The Trinity affirms that Jesus is one of the three persons of the Trinity, but it also affirms that the Spirit is one of them, too.  The God who is has sent his Spirit to apply to his people the work done by his Son.  To affirm the doctrine of the Trinity is to affirm that in Jesus, God came bear our pain and our wrong and to set Creation to rights.  It’s also to affirm that God comes today in the Spirit to enliven his people and to send us into the midst of the pain and sin and brokenness of the world with the good news about Jesus and with renewed hearts ready and eager to bring the gospel of Jesus to bear on the pain and wickedness of the world.  And so our affirmation of the God who is—not the god we might make in our image, but the one, true God who is—shapes who and what we are and how we serve and worship.  He is the one who lies behind our prayers even as we reach out to him with those same prayers.  He is the one who fills our hearts with gratitude and love for the mercy he has shown to us in Jesus and who makes us stewards of his grace for the sake of the world.  He is the one who gives us a vision of creation set to rights and who inspires hope as we stand at the empty tomb and look ahead to that future and then work for justice and peace and goodness, pulling God’s future into the present that this world of idolaters might have a glimpse of the God who is.

So to affirm the Trinity is to look up to the God who is, but it’s also to go out into the world in the name of the God who is Father, Son, and Spirit and to bear his image, restored to us by Jesus and the Spirit.  We affirm the doctrine as we recite the sometimes strange-sounding words of the Creed, but maybe even more importantly, we affirm the God who is as we receive his invitation and come to his Table.  Here we celebrate the life of the God who is, given in Jesus the Messiah, God with us, as we receive his gifts of bread and wine blessed and made holy by his Word and Spirit.  Brothers and Sisters, the bread and wine remind us that we’ve not only been redeemed by the God who is and saved from our sin, but that we’ve also been given his life as he has filled us with his Spirit.  Here we meet the God who is.  And here the God who is reminds us that you are his temple and that I am his temple.  And that means that we, his people, are now the place where this lost world meets the God who is.

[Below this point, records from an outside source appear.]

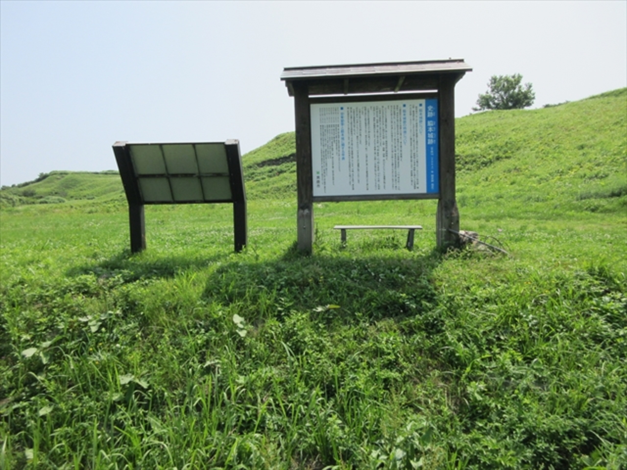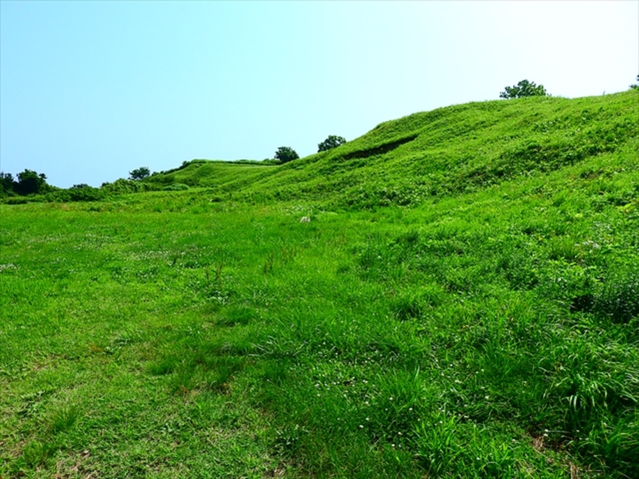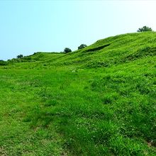 男鹿半島の付け根辺りにある古代の城跡です。入口が良くわかりませんでしたが、国道沿いに駐車できるスペースがあるので、そこから歩いて行くのが一般的のようです。ただし、かなりの急坂を登らなければいけないので、歩くのはそれなりに大変です。空いていれば城跡の入口まで車で行くことも出来ますが、道路がかなり狭いので、対向車とすれ違うのはかなり大変だと思います。また、上には駐車スペースが少ないので、混雑していそうな場合には徒歩をおすすめします。入口にスタンプが設置されている小屋がありましたが、無人でした。城跡自体は山城なので石垣もなく、なだらかな丘と言った感じです。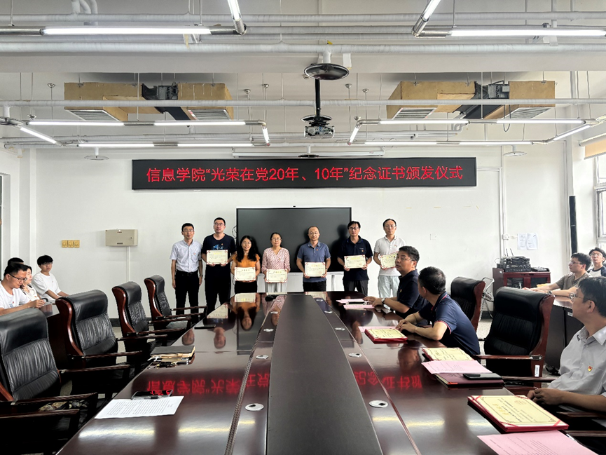 2024年7月1日,信息党委开展“光荣在党20年、10年”党员纪念证书颁发、“两优一先”表彰大会、新党员入党宣誓等系列活动。公司党委组织部副部长王磊出席活动,公司领导班子成员、在党二十年党员、在党十年党员、“两优一先”代表、2024春季接收的全体预备党员参会。会议由公司党委书记王伟宾主持召开。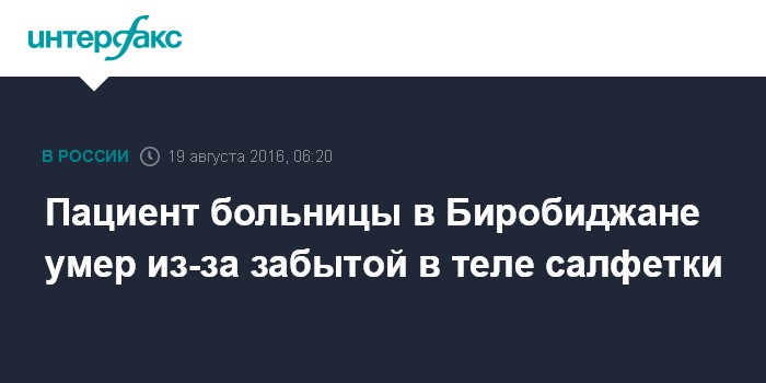 Москва. 19 августа. INTERFAX.RU - Житель Биробиджана в Еврейской АО скончался из-за забывчивости врачей, которые, делая операцию, оставили в его теле марлевую салфетку.

Friends, we cannot come to the Lord’s Table and be reminded of the love and compassion, the mercy and grace, and the life he has given to us through Jesus and the Spirit without then going from this place to make that same love and compassion, mercy and grace, the very life of God known to the world.  We Anglicans don’t very often use the word “Mass” to describe the Lord’s Supper, but it’s an apt word nevertheless.  It comes from the Latin word for dismissal.  Having met the God who is in word and sacrament, he now sends us out into the world as stewards of his grace.  The world wants “My god”.  The world wants god in its image.  But the God who is wants the world—wants to flood it with love and mercy and grace and forgiveness and life—and you and I are his means of taking it to them.

Let us pray: Almighty and everlasting God, you have given us your servants grace, by the confession of a true faith, to acknowledge the glory of the eternal Trinity and in the power of the divine majesty to worship the Unity: Keep us steadfast in this faith, we pray, not merely in our heads and not merely in our hearts, but also in our hands and our feet, our eyes and our ears that we might also be steadfast in making you known to the world as stewards of your grace.  We ask this through Jesus Christ our Lord, who lives and reigns together with you and the Holy Spirit, one God, for ever and ever.  Amen.